Dziecka nie interesuje fakt, ze matka ciezko pracuje. Dziecko ma swoje
potrzeby. Nie zaspokajanie ich konczy sie tym czym sie konczy. U jednych
fanatyczmna miloscia do rodzicow, u innych brakiem tego uczucia.
> rodzimy sie z wrodzona potzreba bycia kochanym.
> moze milosc matki dla jej dzieci mogla sie tylko
> przejawic w poswieceniu sie pracy, zeby dzieci utrzymac.
Nie sadzisz, ze to z punktu widzenia dziecka za malo? Dziecko nie chce matki
wiecznie pracujacej i oganiajacej sie od niego.
> bo jak wiemy asmira nie jest jedynaczka. ty masz na razie
> jedno dziecko. dodaj sobie moze jeszcze 2, i zacznij ciezko
> pracowac.
Ciezko pracuje, studiuje na 2 uczelniach. Tygodniowo pokonuje ok. 1000 km. A
jednak znajduje czas dla Mlodej, choc czesto padam na pysk.
> i myslisz, ze to pomoze malemu dziecku zastapic mame??
> zartujesz.
Nie wydaje mi sie, zebym pisala o zastepowaniu, pisalam o pewnym
mechanizmie, dzieki ktoremu dziecko zaczyna rozumiec rzeczywistosc.
> to czemu asmira nie przeszla? chyba matka nie znikala
> i pojawiala sie w domu, a dzieci nie wiedzialay co sie
> wtedy z nia dzieje?
Podejrzewam, ze mama asmiry nie spedzala dlugich godzin na opowiadaniu
dzieciom, co robi w pracy, nie zabierala ich do siebie do pracy, zeby mogly
to zobaczyc. Bo u dziecka zobaczyc znaczy uwierzyc.
> > Jest to prawda obowiazujaca wszedzie. Wsrod grupy kolezenskiej, w
miejscu
> > pracy, w domu rowniez.
>
> jaka prawda obowiazujaca? czy w ogole prawda moze obowiazywac?

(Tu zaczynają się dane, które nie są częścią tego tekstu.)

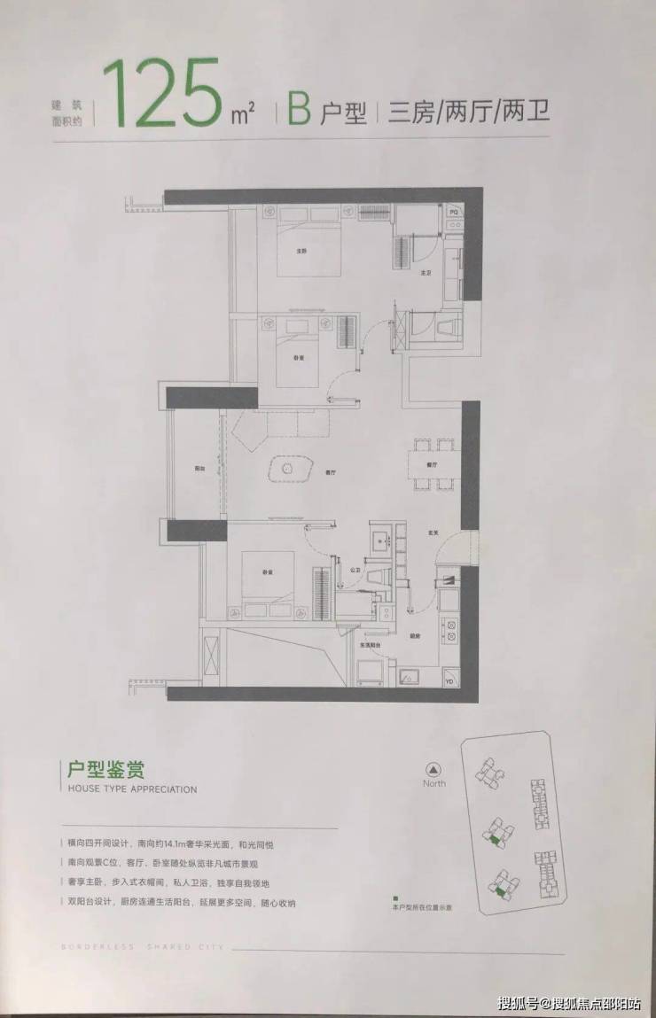 B 户型:14.1m 南向面宽,全南观景,主卧带步入式衣帽间

Nie czepiaj sie szczegolow.
Jesli nie zadbasz o swoje otoczenie to ono samo o Ciebie nie zadba. Jesli
nie nauczysz dziecka milosci, to go od niego nie dostaniesz.

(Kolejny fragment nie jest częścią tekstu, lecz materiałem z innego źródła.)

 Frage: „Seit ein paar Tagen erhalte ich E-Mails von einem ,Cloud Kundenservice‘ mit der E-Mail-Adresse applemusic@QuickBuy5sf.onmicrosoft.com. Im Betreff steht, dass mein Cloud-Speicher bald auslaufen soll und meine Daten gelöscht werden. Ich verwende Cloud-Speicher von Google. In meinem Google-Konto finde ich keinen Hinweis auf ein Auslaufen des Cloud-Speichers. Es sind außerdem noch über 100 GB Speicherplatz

> jasne, ze nie musimy kochac rodzicoa, ale mozna juz jako
> czlowiek dorosly zrozumiec to i owo, i umiec sie nie
> odgrywac. ale nie kazdego na to stac.
Asmira sie nie odgrywa, ona po prostu czuje niechec do matki i jest to
jedyne uczucie, ktorego matka ja, w stosunku do swojej osoby, nauczyla.